Continue with a number which is not yet in a cycle:
2 -> 1 -> 2 (so the next cycle is (2), which is a fixed point)
3 -> 7
7 -> 2 -> 9
9 -> 6
6 -> 4
4 -> 9 -> 3
This gives the cycle (3 7 9 6 4)
Now all numbers in the given permutation are done, and the result is (1 5)(2)(3 7 9 6 4) = (1 5)(3 7 9 6 4).
A: Most probably you guys multiply cycles from right to left, as most authors do nowadays, so begin with $\,1\,$ and follow its "cycle" (again, from right to left):
$$1\to 5$$
Now do the same for $\,5\,$
$$5\to 3\to 1$$ 
and we've closed the first cycle: $\,(15)\,$
Now with the smallest number not included already above:
$$2\to 1\to 2\Longrightarrow 2\to 2$$
and this time we write nothing
$$4\to 3\to 7\to 9\to 6\to 4$$
and we have another cycle: $\,(43796)\,$ , etc.
A: This does not really add much that has not already been said other than give a slightly modified way of writing down the algorithm the long way. Using $(37215)(496)(9312)$ and going from left to right the first row below reads $1$ goes to $5$ in the first cycle. Since there is no $5$ in the second cycle write $5$ goes to $5$ and no $5$ in the third cycle write $5$ goes to $5$. This summarizes to $1$ goes to $5$ at the end.  Repeat this for $2$ through $9$ then write the multiplication based on the last two columns. 

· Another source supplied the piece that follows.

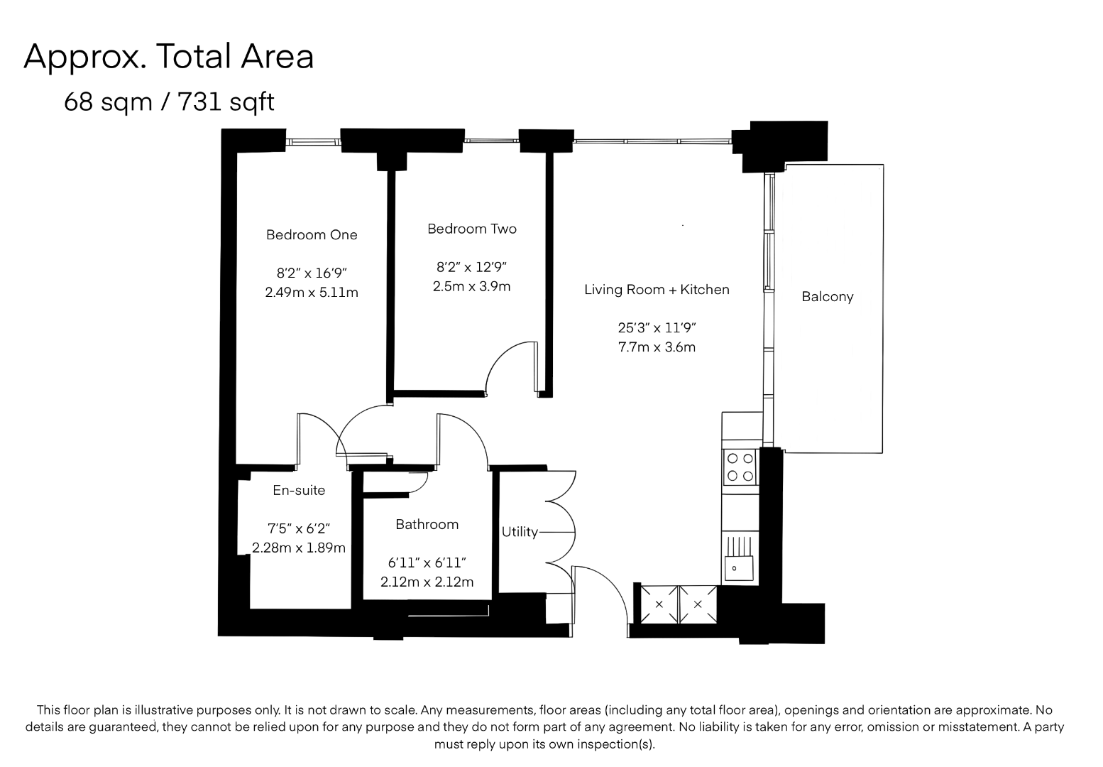 The property is reached by lift and features a welcoming entrance hall with storage and a utility room. The heart of the home is a large open-plan living room and kitchen with floor-to-ceiling windows that fill the space with natural light and enjoy lovely dual aspect views. This area opens onto a generous private balcony, ideal for relaxing outdoors.

$$1\to 5\    5\to5\ 5\to5\  1\to 5$$
$$2\to 1\    1\to1\ 1\to2\  2\to 2$$
$$3\to 7\    7\to7\ 7\to7\  3\to 7$$
$$4\to 4\    4\to9\ 9\to3\  4\to 3$$
$$5\to 3\    3\to3\ 3\to1\  5\to 1$$
$$6\to 6\    6\to4\ 4\to4\  6\to 4$$
$$7\to 2\    2\to2\ 2\to9\  7\to 9$$
$$8\to 8\    8\to8\ 8\to8\  8\to 8$$
$$9\to 9\    9\to6\ 6\to6\  9\to 6$$
Summarizing the last two columns $(15)(37964)$
A: Forgive me if the answer is a little sloppy, this is my first answer on stack exchange.
We begin by writing in the following format, 
(37215)=\begin{pmatrix}
1&2&3&4&5&6&7&8&9\\
5&1&7&4&3&6&2&8&9
\end{pmatrix}
Now, if we take the cycle $(496)$ composed of this, we get
(496)o (37215)=\begin{pmatrix}
1&2&3&4&5&6&7&8&9\\
5&1&7&9&3&4&2&8&6
\end{pmatrix}
and then one more time
(9312)o ((496)o(37215))=\begin{pmatrix}
 1&2&3&4&5&6&7&8&9\\
 5&2&7&3&1&4&9&8&6
 \end{pmatrix}
Now, we can conveniently put this in one giant matrix(and breach some mathematical etiquette while we're at it) and write
\begin{pmatrix}
1&2&3&4&5&6&7&8&9\\
\downarrow &\downarrow &\downarrow &\downarrow &\downarrow &\downarrow &\downarrow &\downarrow &\downarrow \\
5&1&7&4&3&6&2&8&9\\
\downarrow &\downarrow &\downarrow &\downarrow &\downarrow &\downarrow &\downarrow &\downarrow &\downarrow \\
5&1&7&9&3&4&2&8&6\\
\downarrow &\downarrow &\downarrow &\downarrow &\downarrow &\downarrow &\downarrow &\downarrow &\downarrow \\
5&2&7&3&1&4&9&8&6
\end{pmatrix}
This is not necessarily the quickest or most elegant approach, but serves as a good substitute while familiarity with cycle notation grows.  In cycle notation, the answer is (15)(37964), because, (from the top row of the bottom matrix to the bottom row)1 goes to 5, which goes back to 1, and 3 goes to 7 which goes to 9 and so on.
A: $1\to5\to5\to5$
$2\to1\to1\to2$
$3\to7\to7\to7$
$4\to4\to9\to3$
$5\to3\to3\to1$
$6\to6\to4\to4$
$7\to2\to2\to9$
$8\to8\to8\to8$
$9\to9\to6\to6$
The no. after the first arrow gives the image under the first cycle, 2nd arrow after the 2nd cycle and so on,
So,ultimately we have,
$1\to5$
$2\to2$
$3\to7$
$4\to3$
$5\to1$
$6\to4$
$7\to9$
$8\to8$
$9\to6$
Now you can easily figure out the cycle,
Take $1$ figure out its image ,go to the image figure out its image and so on, and when you return back to the same no. its one cycle.Go on and get all the cycles.